Task instructions =>
All lines from the one containing "午后,天然气板块持续走高,不过尾盘涨幅有所收窄,蓝焰控股涨停。" to the end of the listing below should be output exactly; omit the pictures.
════════════════════
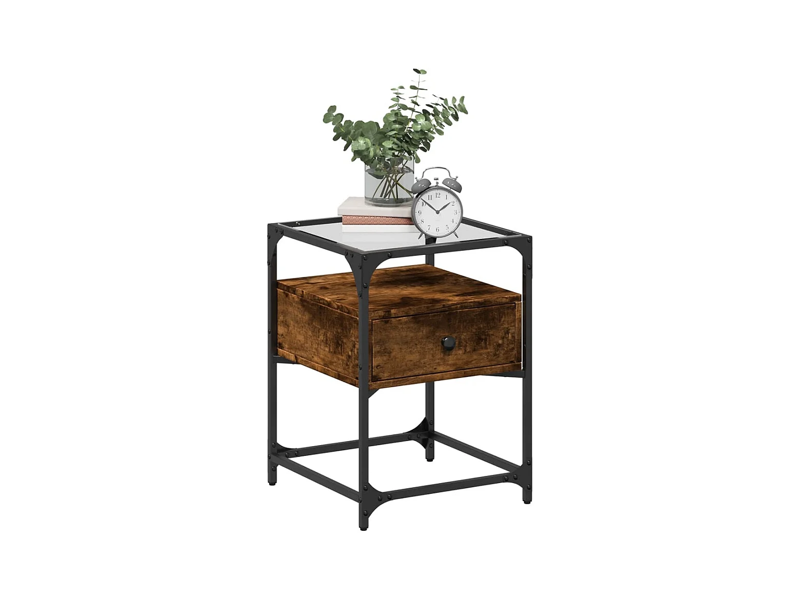 Nihat Table de chevet avec porte en verre chêne fumé 35x37x35 cm
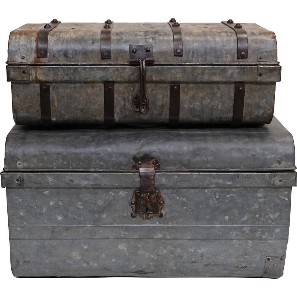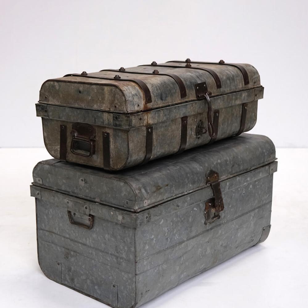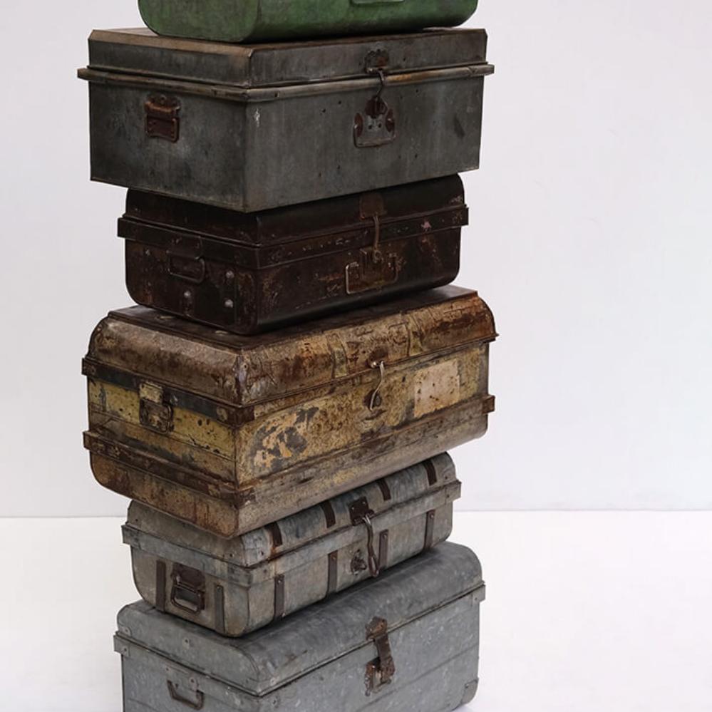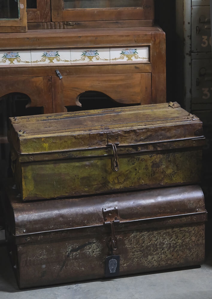 Die Koffer können bereits ihre Anekdoten aus Indien erzählen, sind nun aber nach Dänemark gereist, bereit für neue Abenteuer. Die Eisenkoffer haben die schönste Patina und viele tolle Details. Verwenden Sie sie zum Aufbewahren von Decken, Bettzeug, Vasen usw. Die beiden Eisenkoffer werden Ihrer Einrichtung sicherlich eine authentische Atmosphäre verleihen. Die Maße des kleinen Koffers sind: H: 23 cm, B: 60 cm, T: 37 cm
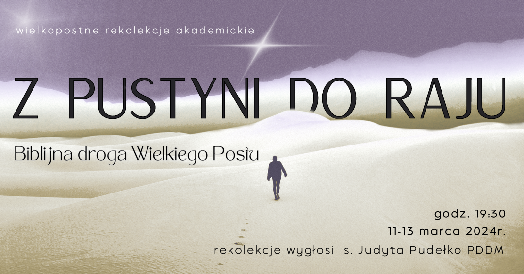 Przed nami kolejne tygodnie Wielkiego Postu. Aby dobrze przeżyć ten czas, zapraszamy Was serdecznie na rekolekcje wielkopostne „Z pustyni do raju. Biblijna droga Wielkiego Postu”!
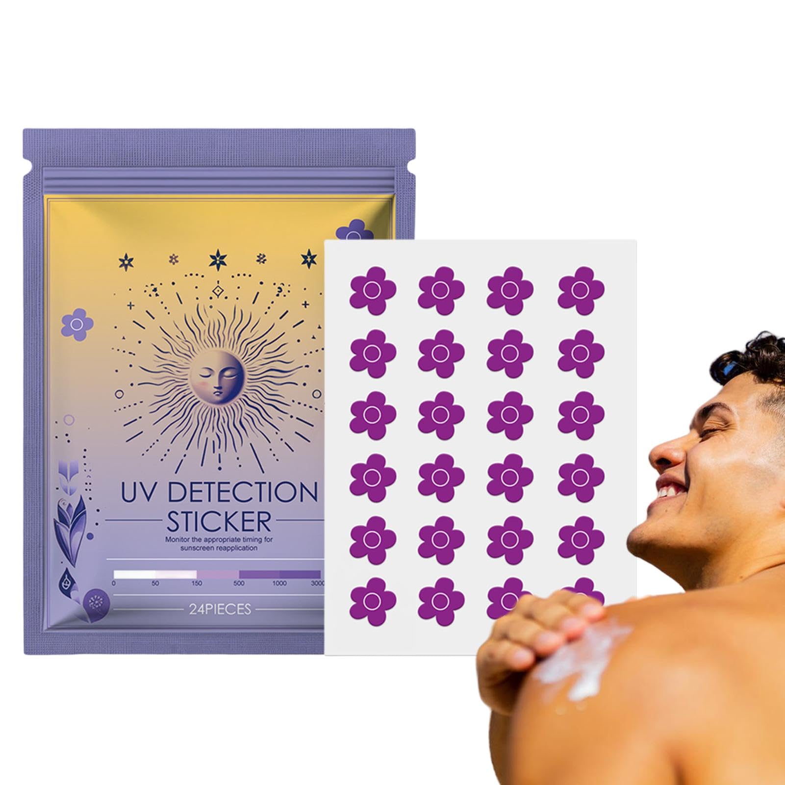 UV Detection Stickers for Sunscreen | UV Stickers For Sunscreen | UV Detecting Patches | SunnyPatch | 24 Sunblock Patches | Sunblock Sticker | Sunscreen Reminder Stickers, Sun UV Sticker These UV Detection Stickers provide real-time monitoring for sun damage, ensuring you're protected from harmful rays all day. Add some style to your sun protection and surprise your friends with these stickers on your next outdoor adventure. Perfect for all-day outdoor activities! Specification: Keywords: UV protection Specifications: 24pieces (clouds, hearts, stars, flowers, moon) Gross weight: 4g Ingredients: Nano glue, soy ink, PET film, water transfer paper Product size: about 6x8cm/2.36x3.15 inches Packing size: about 15x10cm/5.91x3.94 inches Packing List: UV Detection Sticker*1 pack Note: This product is designed as complementary tool and should not replace regular sunscreen use. Always follow proper sun protection guidelines. Due to different lighting and screen settings, the item color may be slightly different from the picture. Due to different manual measurements, please allow 1-2cm difference in size.
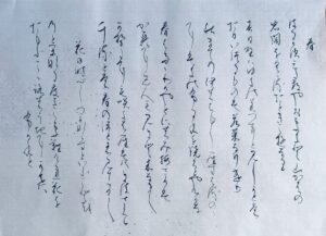 釈文:「春はただ わが宿にのみ 梅咲かば かれにし人も 見にと来なまし」
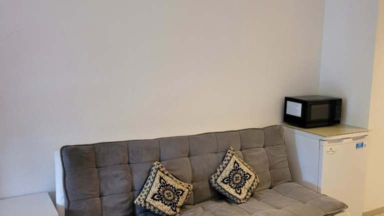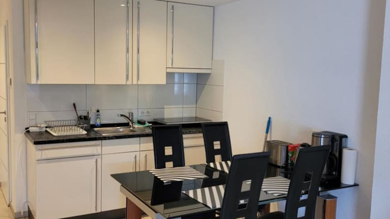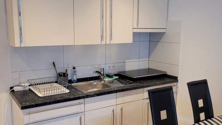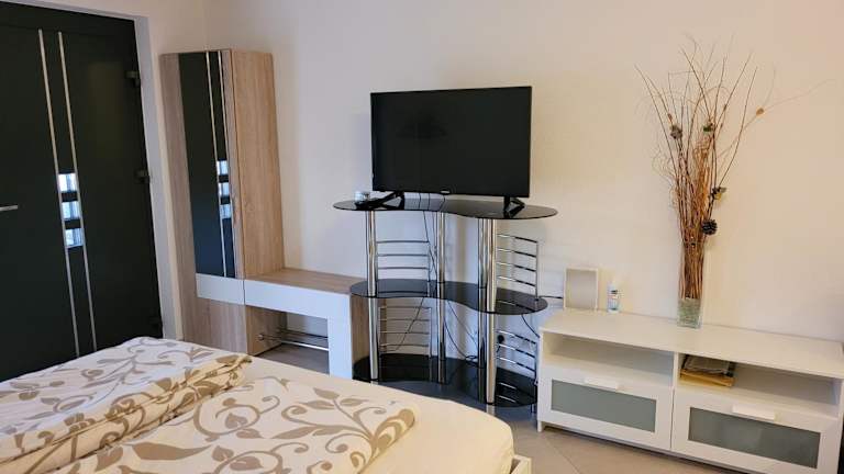 Das Apartment verfügt über ein modernes und gut ausgestattetes Schlafzimmer. Zur Ausstattung gehören ein Flachbild-Kabel-TV, eine Küchenzeile mit Kühlschrank und Mikrowelle sowie eine Waschmaschine. Das Badezimmer ist mit einer Dusche ausgestattet. Handtücher und Bettwäsche werden gestellt, um Ihnen den Aufenthalt so angenehm wie möglich zu gestalten.
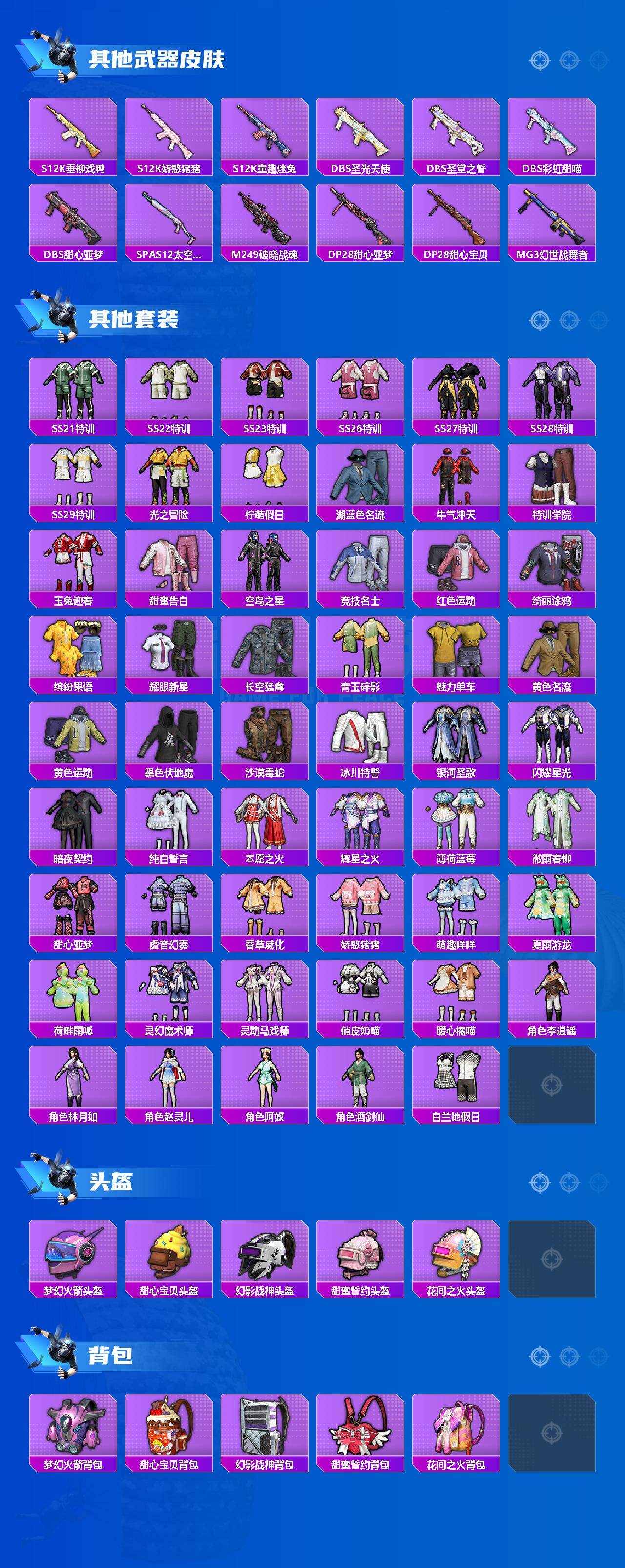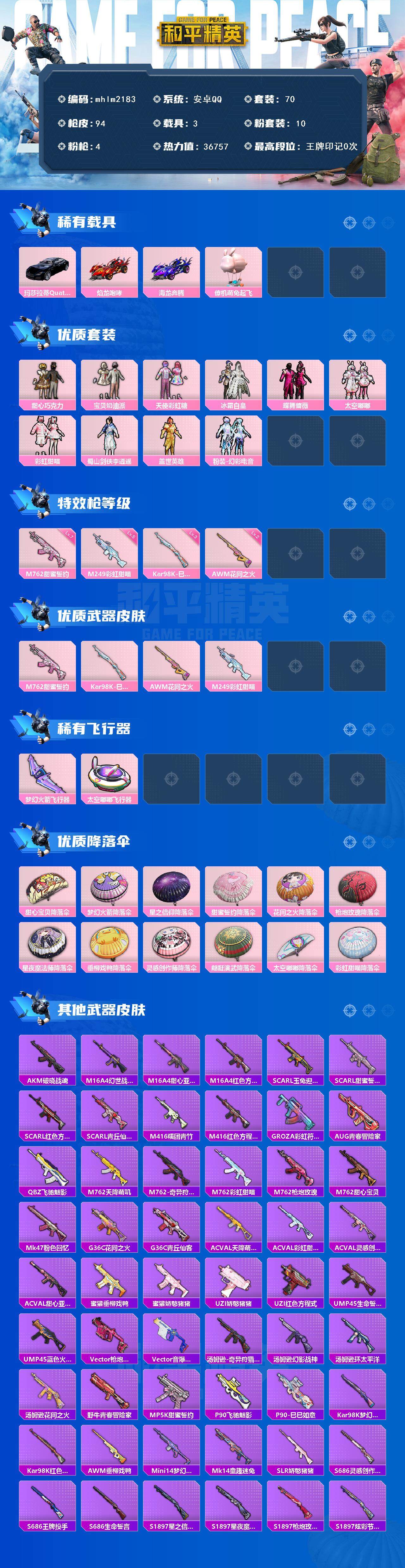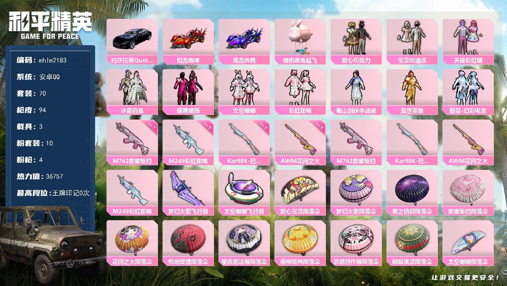 [13805690]【mhlm2183】安卓 手q-10粉装-4特效呛-3载具-2粉色飞行器-36757热力值-1王牌印记-70套装-94呛皮 【粉色载具】:玛莎拉蒂quattropte(夜幕蓝),焰龙咆哮,海龙奔腾,僚机-萌兔起飞 【粉色套装】:粉装-甜心巧克力,粉装-宝贝奶油派,粉装-天使彩虹糖,粉装-冰霜白皇,粉装-蝶舞蔷薇,粉装-太空嘟嘟,粉装-彩虹甜喵,蜀山剑侠-李,粉装-盖世英雄,粉装-幻彩电音 【粉色呛皮等级】:m762-甜蜜誓约七级,kar98k-巳巳如意三级,awm-花间之火二级,m249-彩虹甜喵五级 【粉色呛皮】:m762-甜蜜誓约,kar98k-巳巳如意,awm-花间之火,m249-彩虹甜喵 【粉色飞行器】:梦幻火箭飞行器,太空嘟嘟飞行器 【粉色降落伞】:甜心宝贝降落伞,梦幻火箭降落伞,星之信仰降落伞,甜蜜誓约降落伞,花间之火降落伞,呛炮玫瑰降落伞,星夜魔法师降落伞,垂柳戏鸭降落伞,灵感创作师降落伞,翩跹演武降落伞,太空嘟嘟降落伞,彩虹甜喵降落伞 【稀有呛皮】:akm-破晓战魂,m16a4-幻世战舞者,m16a4-甜心亚梦,m16a4-红色方程式,scar-l-玉兔迎春,scar-l-甜蜜誓约,scar-l-红色方程式,scar-l-青丘仙客,m416-糯团青竹,m416-红色方程式,groza-彩虹符号,aug-青春冒险家,q-飞驰魅影,m762-天降萌叽,m762-奇异狩猎者,m762-彩虹甜喵,m762-呛炮玫瑰,m762-甜心宝贝,mk47-粉色回忆,g36c-花间之火,g36c-青丘仙客,ac-val-天降萌叽,ac-val-彩虹甜喵,ac-val-灵感创作师,ac-val-甜心亚梦,蜜獾-垂柳戏鸭,蜜獾-娇憨猪猪,uzi-娇憨猪猪,uzi-红色方程式,ump45-生命誓言,ump45-蓝色火焰,vect-呛炮玫瑰,vect-音爆索尼克,汤姆逊-奇异狩猎者,汤姆逊-幻影战神,汤姆逊-环太平洋,汤姆逊-花间之火,野牛-青春冒险家,mp5k-甜蜜誓约,p90-飞驰魅影,p90-巳巳如意,kar98k-梦幻火箭,kar98k-红色方程式,awm-垂柳戏鸭,mini14-梦幻火箭,mk14-童趣迷兔,slr-娇憨猪猪,s686-灵感创作师,s686-王牌投手,s686-生命誓言,s1897-星之信仰,s1897-星夜魔法师
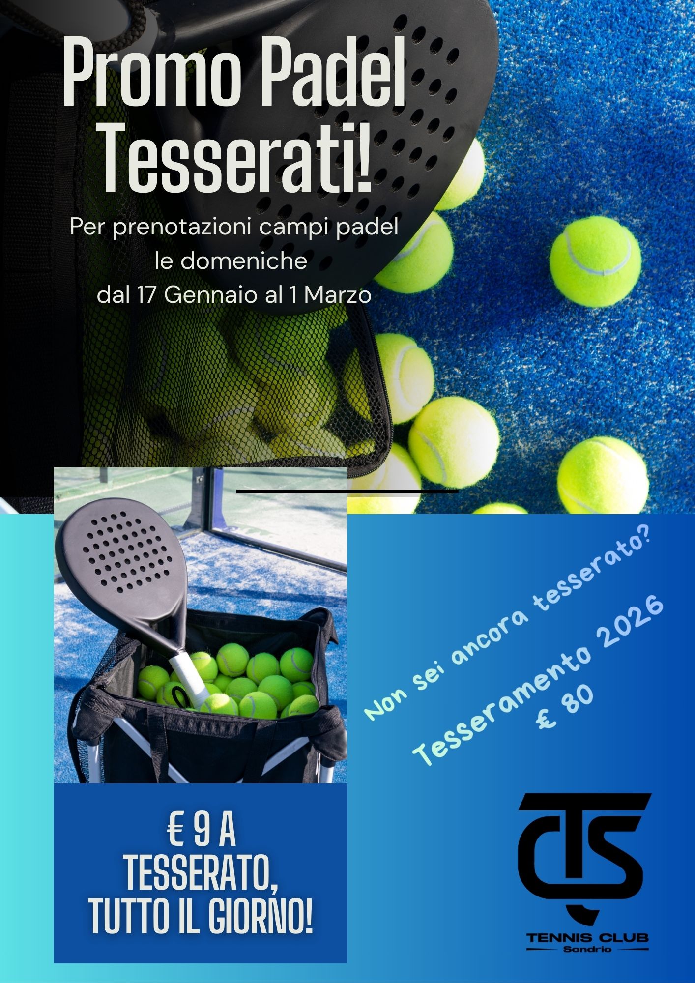 | CORSO ADULTI PADEL FEBBRAIO 2025 E’ in partenza un nuovo corso adulti di padel. DATE: dal 3 al 28 febbraio, nelle giornate di lunedì, mercoledì e venerdì – in gruppi di 3 o 4 persone, a seconda dei livelli – un’ora e mezza a settimana per n. 4 lezioni – dalle 17 in avanti. Nelle giornate di lunedì e venerdì è possibile scegliere di fare un pacchetto di n.15 lezioni invece di 4 (in tal caso il corso inizierà il 3 febbraio e terminerà il 28 maggio). COSTO: - n. 4 lezioni gruppo di 4: €104 come affiliato (+ € 80 tesseramento padel con scadenza 31/12/25 con il quale si hanno riduzioni su lezioni, partite guidate e ore campo) oppure € 140 come non affiliato - N.4 lezioni gruppo di 3: € 124 come affiliato (+ € 80 tesseramento padel con scadenza 31/12/25 con il quale si hanno riduzioni su lezioni, partite guidate e ore campo) oppure € 164 come non affiliato - n.15 lezioni gruppo di 4: € 375 come affiliato (+ € 80 tesseramento padel con scadenza 31/12/25, con il con il quale si hanno riduzioni su lezioni, partite guidate e ore campo) oppure € 495 come non affiliato - n. 15 lezioni gruppo di 3: € 450 come affiliato (+ € 80 tesseramento padel con scadenza 31/12/25, con il con il quale si hanno riduzioni su lezioni, partite guidate e ore campo) oppure € 585 come non affiliato RICHIESTO CERTIFICATO MEDICO PER L'ATTIVITA' NON AGONISTICA Se interessato comunica la tua partecipazione via email a tcsondrio@gmail.com oppure via Whatsapp al 3248759933. Alla chiusura dei gruppi ti confermeremo la quota relativa (i gruppi vengono fatti per livello, può capitare che ci siano dei gruppi da 3 persone). Se sei nuovo, registra i tuoi dati a questo link https://tennisclubsondrio.prenotatennis.it/it/prenota/?_a=primopob.registra_privacy e invia una copia del certificato medico non agonistico. Ricordiamo che eventuali assenze non si potranno recuperare Materiale fornito dal Circolo. A presto! TC Sondrio |
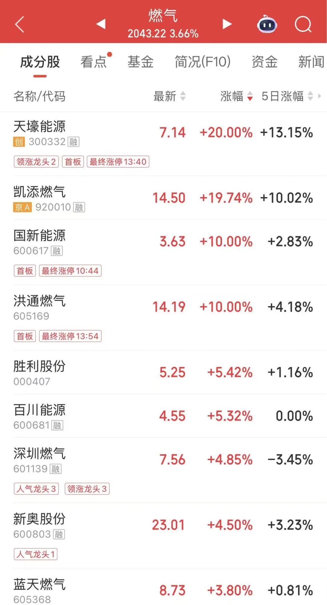午后,天然气板块持续走高,不过尾盘涨幅有所收窄,蓝焰控股涨停。
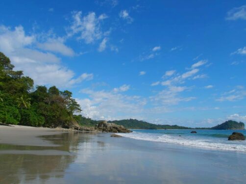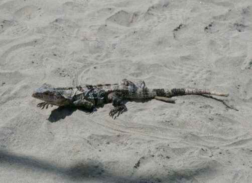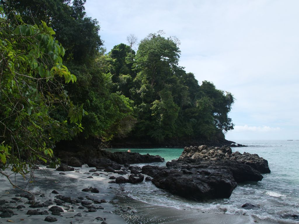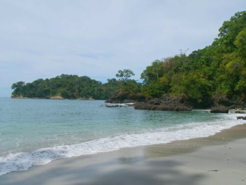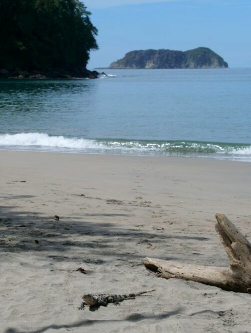 De l’autre côté de la péninsule, nous sommes étonnés de trouver l’autre plage, la Playa Espadilla Sur, pourtant encore plus grande, entièrement vide (mis à part quelques iguanes). Il y aurait apparemment plus de courant de ce côté, ce qui explique l’attroupement de touristes sur l’autre plage, entourés de singes et agoutis ramassant les déchets des humains…
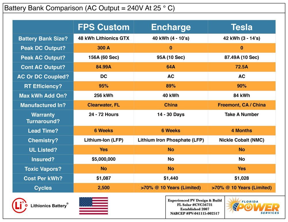 If you’re looking to install a solar with battery backup system in Florida, sizing it correctly is essential to meet your performance expectations. If you underestimate the needed kWh to power your loads through the night and you could wake up sweating in the dark – you’d rather have more battery capacity than not enough. Another key parameter to calculate is the AC output (or Amps) needed when your solar system functions in “Standalone Mode”, all batteries have different outputs with/without the grid. Proper sizing is step one of our solar consultation, next is a quality design using reputable equipment, and finally the best way to purchase.
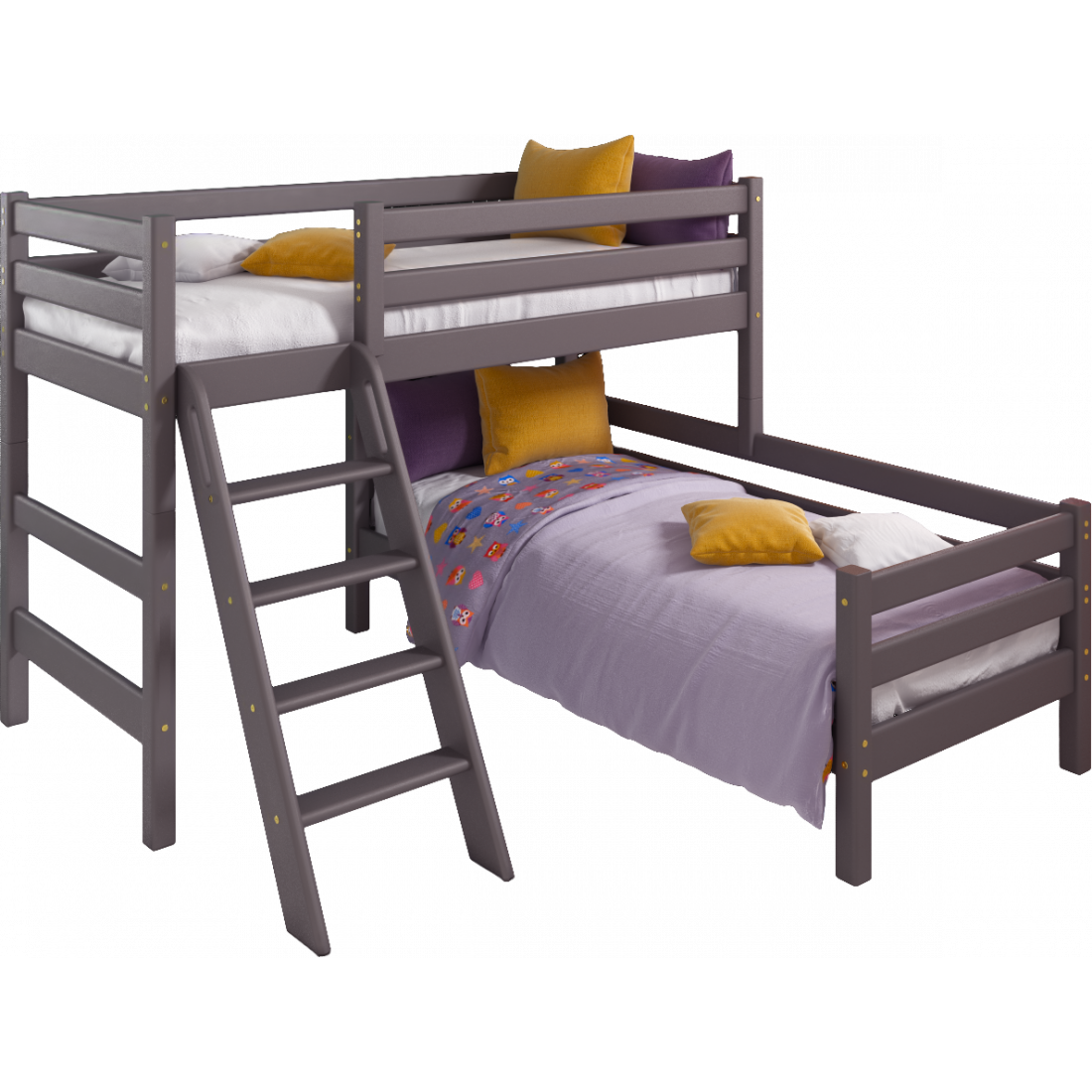 Кровать Соня Лаванда угловая вариант 8 с наклонной лестницей
════════════════════
Written reply =>
午后,天然气板块持续走高,不过尾盘涨幅有所收窄,蓝焰控股涨停。
 De l’autre côté de la péninsule, nous sommes étonnés de trouver l’autre plage, la Playa Espadilla Sur, pourtant encore plus grande, entièrement vide (mis à part quelques iguanes). Il y aurait apparemment plus de courant de ce côté, ce qui explique l’attroupement de touristes sur l’autre plage, entourés de singes et agoutis ramassant les déchets des humains…
 If you’re looking to install a solar with battery backup system in Florida, sizing it correctly is essential to meet your performance expectations. If you underestimate the needed kWh to power your loads through the night and you could wake up sweating in the dark – you’d rather have more battery capacity than not enough. Another key parameter to calculate is the AC output (or Amps) needed when your solar system functions in “Standalone Mode”, all batteries have different outputs with/without the grid. Proper sizing is step one of our solar consultation, next is a quality design using reputable equipment, and finally the best way to purchase.
 Кровать Соня Лаванда угловая вариант 8 с наклонной лестницей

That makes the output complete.